Hanno and I had a lovely day out last Thursday, visiting friends just north of here. Our good friends Beverly and Michael have just moved into a beautiful home on 400 acres on the Mary River. Michael took us down to the river where we stood in the shade and watched fish swim around in the river. They plan to develop the property as a multifaceted centre for indigenous groups, local and international tourists and for growing vegetable crops for sale. They have a couple of horses, chickens and, the day after we were there, they were getting a house cow and calf. Beverly wants me to help her deliver some skill building workshops in the future and I'm happy to do that.

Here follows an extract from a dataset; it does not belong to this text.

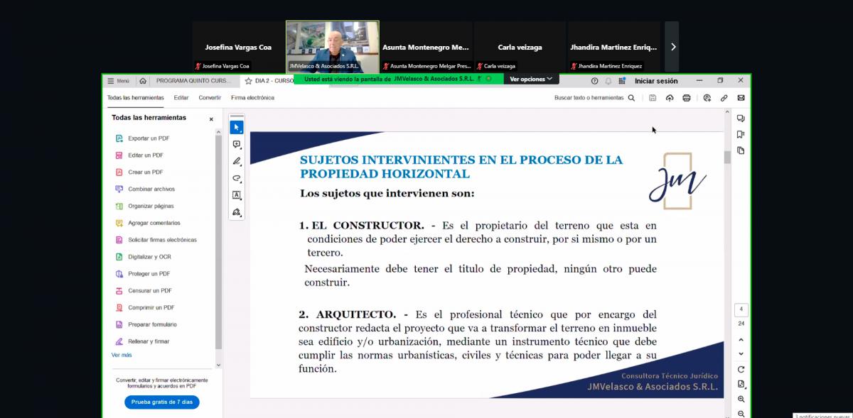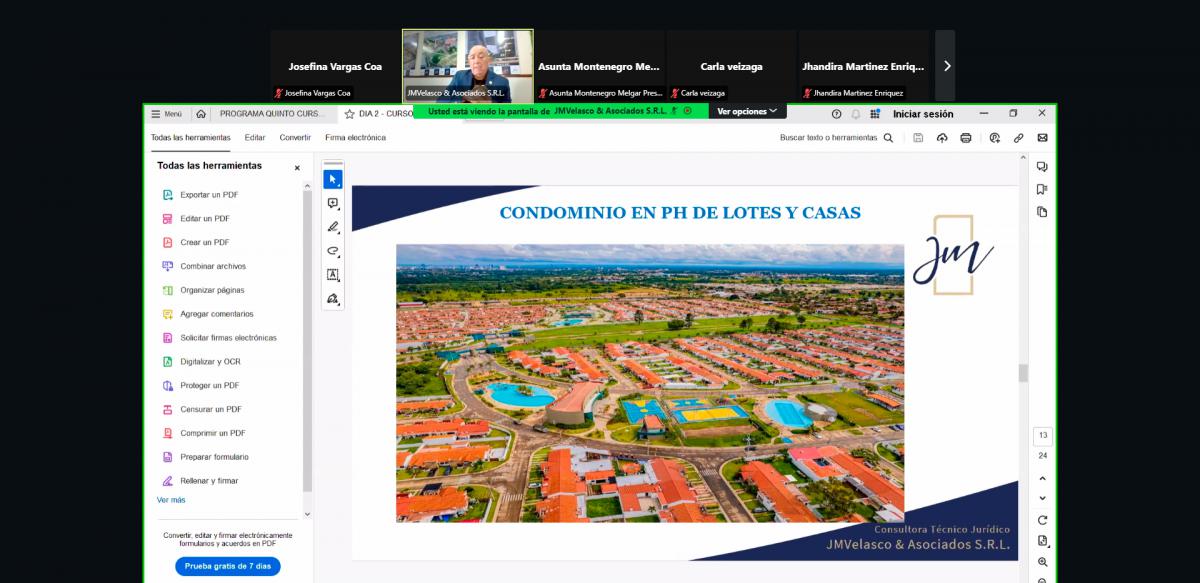 La actividad académica se desarrolló el 31 de mayo de 2024 en el Aula Virtual de la Academia Plurinacional de Estudios Constitucionales del TCP, con el objetivo de actualizar y fortalecer los conocimientos del personal de la institución en el manejo y gestión de propiedades horizontales, derechos fundamentales protegidos especialmente, obligaciones de los copropietarios, administración de bienes comunes, sujetos intervinientes y resolución de conflictos.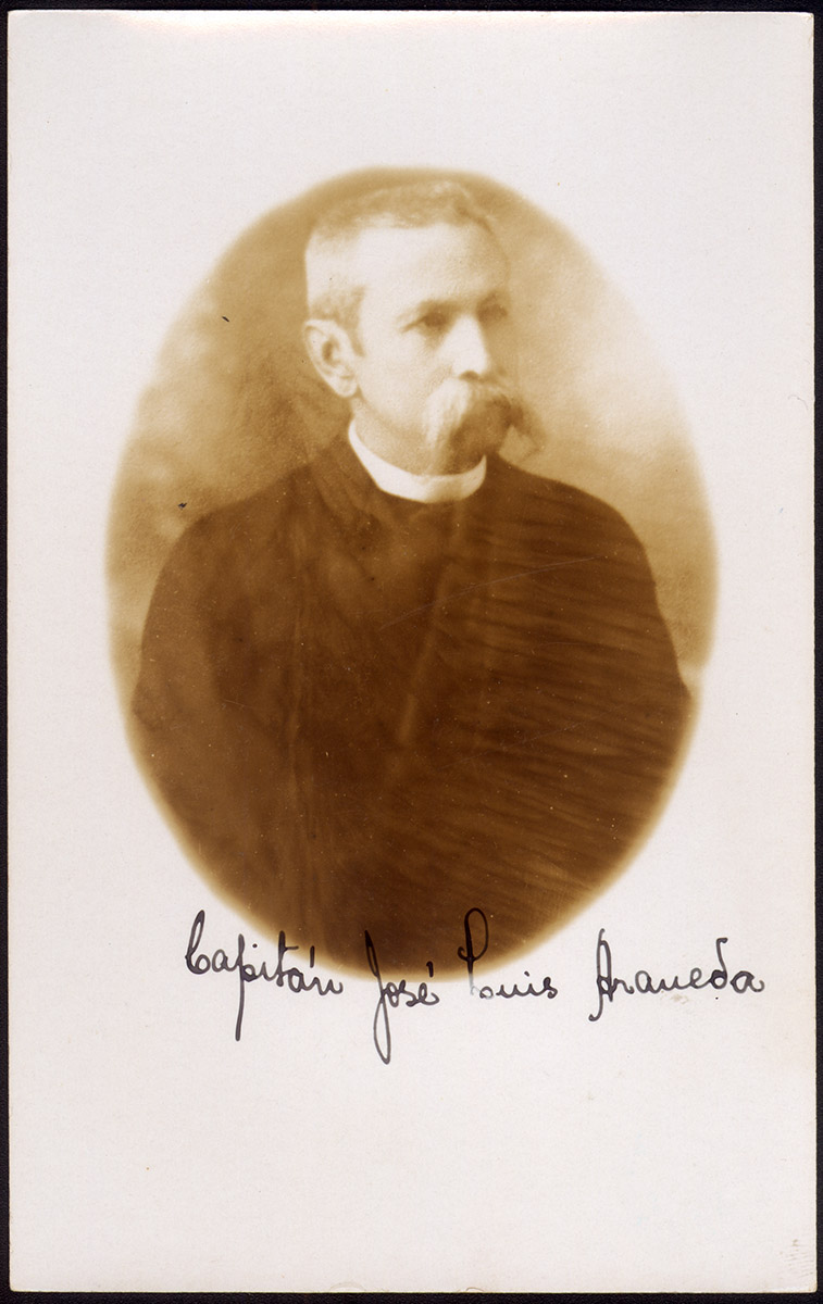 Retrato de busto de un hombre con bigote y chaqueta negra.

After visiting Beverly and Michael, we drove further north to the home of Ann and Don. Ann is Calico Ann who reads here and at the forum. I met Ann at one of my book signings during the year. Another beautiful property where we enjoyed a delicious lunch on the verandah overlooking bush land and birds feeding in trays along the fence line. Ann's garden is like ours, on it's last legs, and probably by now has been dug in. She gave us a nice crop of mild spicy peppers and a few chillis to bring home.


I already had a bush full of small hot chillis, and I'll be drying many of them for use later in the year, so I made chilli jam using the chillis we brought home, with some from the backyard. Chilli jam is a delicious condiment to use on cold meat, chicken, avocado, eggs and with cheese. It's hot, spicy and sweet but if you taste it as you go along, you can make it to suit your own taste. A small jar of chilli jam here costs six or seven dollars so making your own gives you a very nice alternative to mustard or pickles, while keeping your hard-erned money in your purse.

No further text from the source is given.